• DATA IN THIS EXERCISE:
_ _ _ _

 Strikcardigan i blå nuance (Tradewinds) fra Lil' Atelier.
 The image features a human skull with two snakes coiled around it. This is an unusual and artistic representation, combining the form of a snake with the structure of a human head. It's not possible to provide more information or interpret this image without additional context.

_ _ _ _

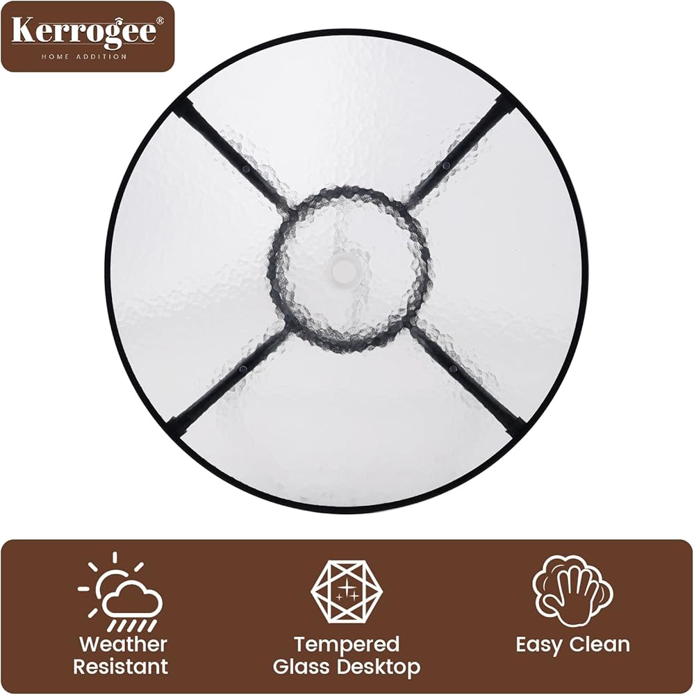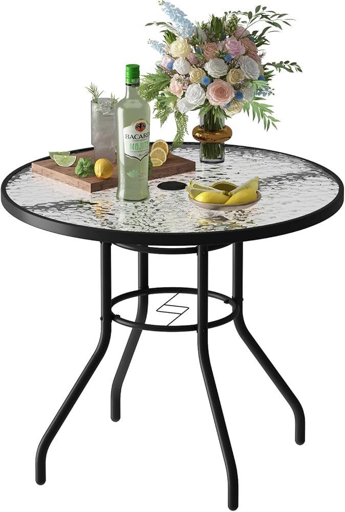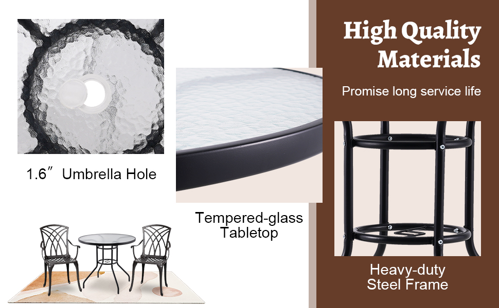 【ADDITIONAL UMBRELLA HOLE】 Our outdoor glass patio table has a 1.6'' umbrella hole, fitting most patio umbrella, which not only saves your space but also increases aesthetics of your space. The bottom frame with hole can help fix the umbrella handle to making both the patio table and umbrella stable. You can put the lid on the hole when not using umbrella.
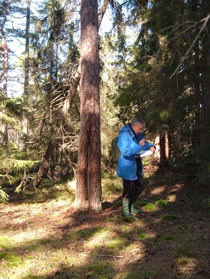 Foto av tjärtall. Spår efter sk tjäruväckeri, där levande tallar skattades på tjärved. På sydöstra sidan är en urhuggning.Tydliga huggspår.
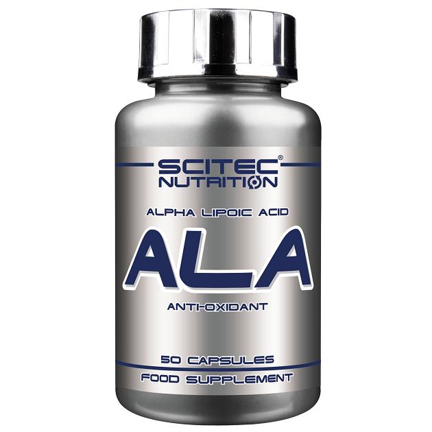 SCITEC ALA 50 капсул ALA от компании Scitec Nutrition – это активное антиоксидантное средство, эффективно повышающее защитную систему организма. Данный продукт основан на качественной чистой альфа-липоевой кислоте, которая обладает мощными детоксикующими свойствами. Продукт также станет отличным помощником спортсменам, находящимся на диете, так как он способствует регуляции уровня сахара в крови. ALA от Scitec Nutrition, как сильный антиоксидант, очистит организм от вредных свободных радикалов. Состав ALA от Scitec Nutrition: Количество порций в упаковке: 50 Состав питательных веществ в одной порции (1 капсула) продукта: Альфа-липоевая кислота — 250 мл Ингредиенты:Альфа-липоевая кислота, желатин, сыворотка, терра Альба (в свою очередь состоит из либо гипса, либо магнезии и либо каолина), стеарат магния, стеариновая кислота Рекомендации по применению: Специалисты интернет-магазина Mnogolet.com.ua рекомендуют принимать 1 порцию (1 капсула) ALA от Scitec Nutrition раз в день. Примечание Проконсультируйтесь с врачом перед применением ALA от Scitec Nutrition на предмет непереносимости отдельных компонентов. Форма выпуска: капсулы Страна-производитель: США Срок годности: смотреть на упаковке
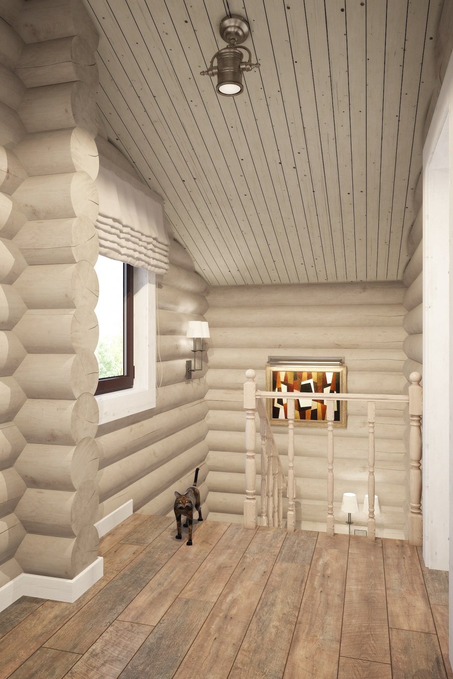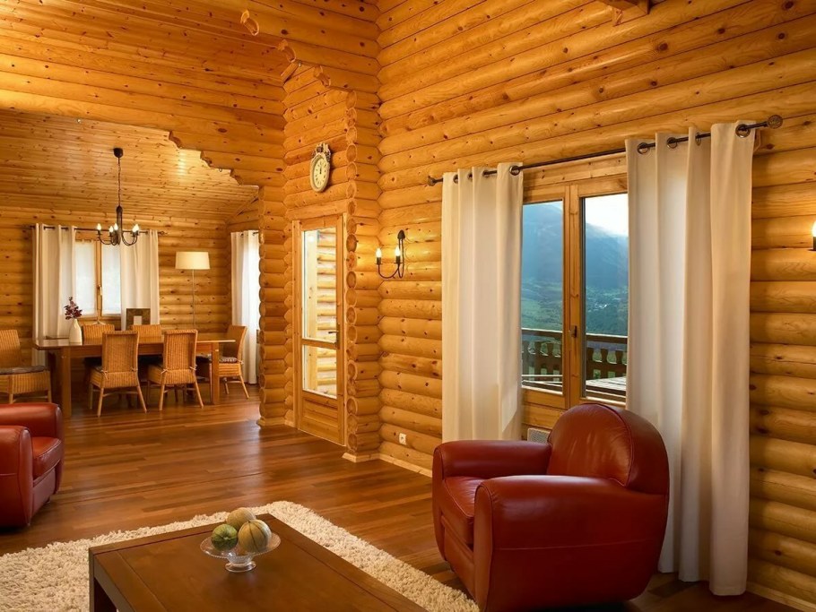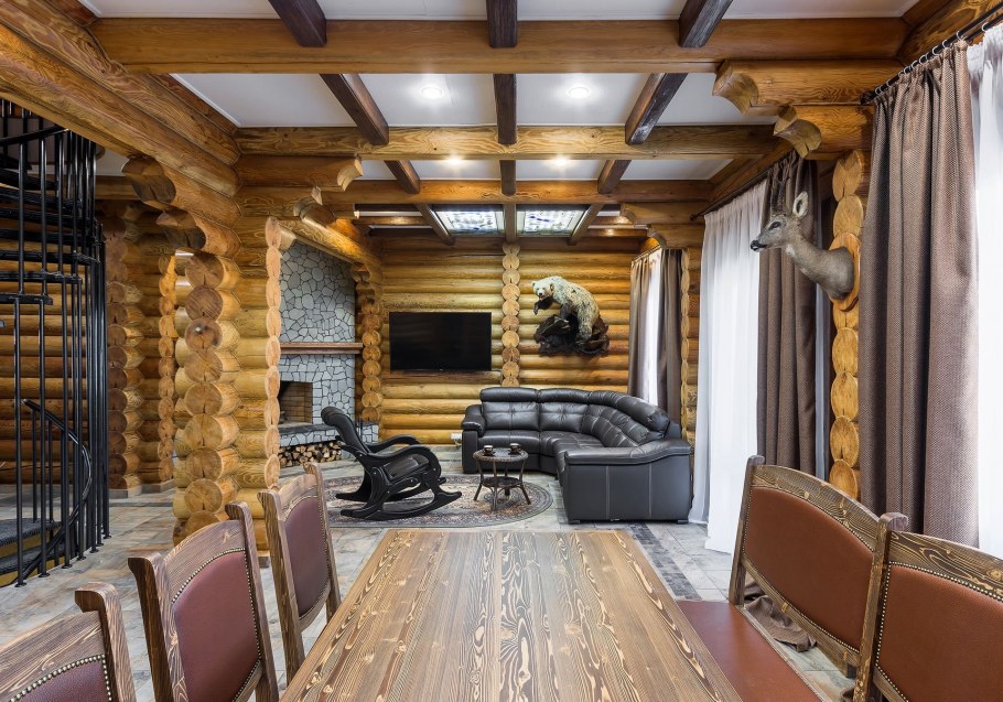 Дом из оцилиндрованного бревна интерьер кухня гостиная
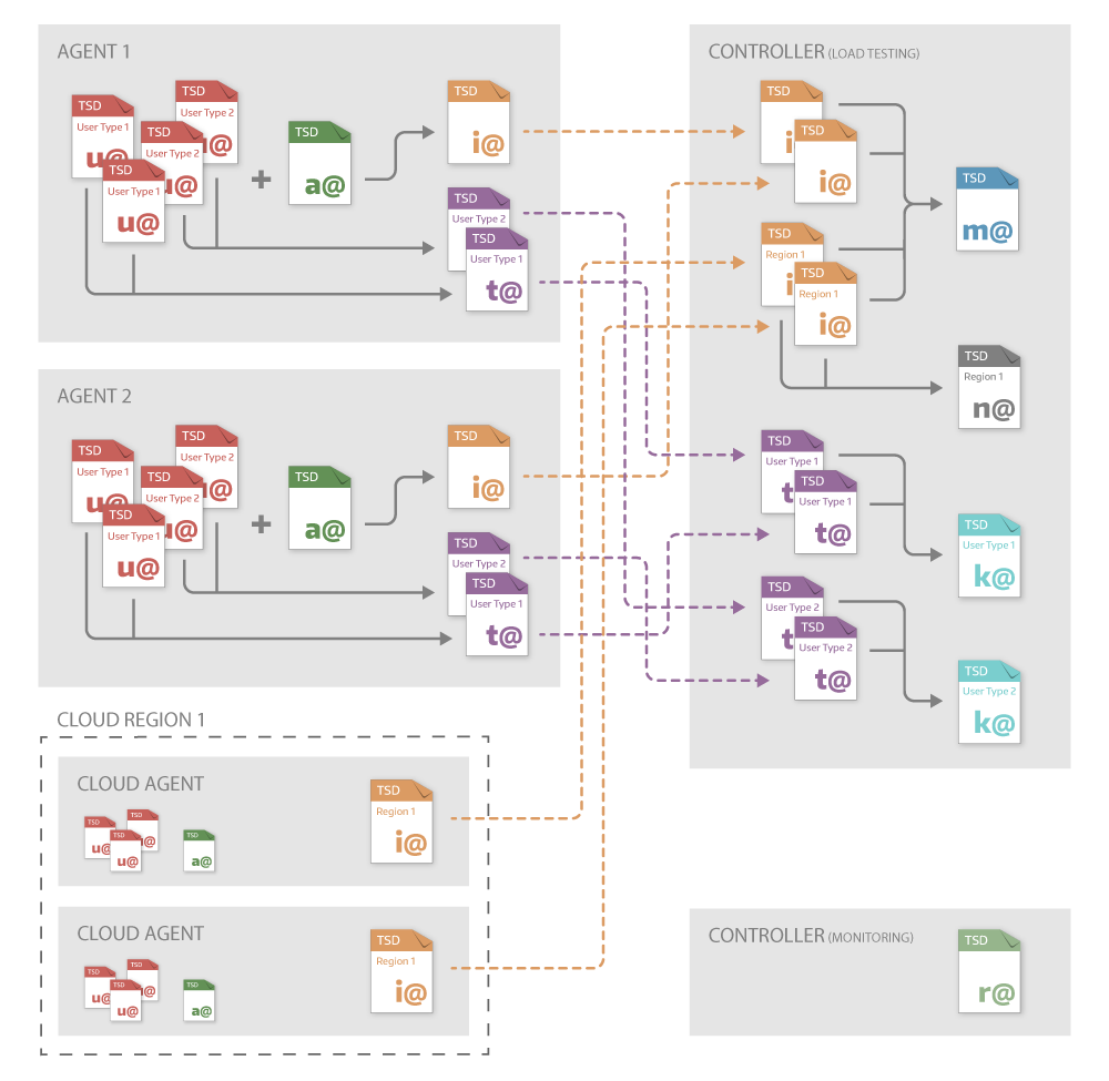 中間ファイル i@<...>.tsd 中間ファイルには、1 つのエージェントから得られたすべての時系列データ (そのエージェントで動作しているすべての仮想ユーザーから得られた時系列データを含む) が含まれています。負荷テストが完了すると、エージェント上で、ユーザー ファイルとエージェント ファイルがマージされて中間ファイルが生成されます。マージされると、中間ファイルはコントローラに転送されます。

_ _ _ _

In the listing above, locate the line containing "Strikcardigan i blå" and the line containing "The image features", then transcribe both and every line between them verbatim.

 Strikcardigan i blå nuance (Tradewinds) fra Lil' Atelier.
 The image features a human skull with two snakes coiled around it. This is an unusual and artistic representation, combining the form of a snake with the structure of a human head. It's not possible to provide more information or interpret this image without additional context.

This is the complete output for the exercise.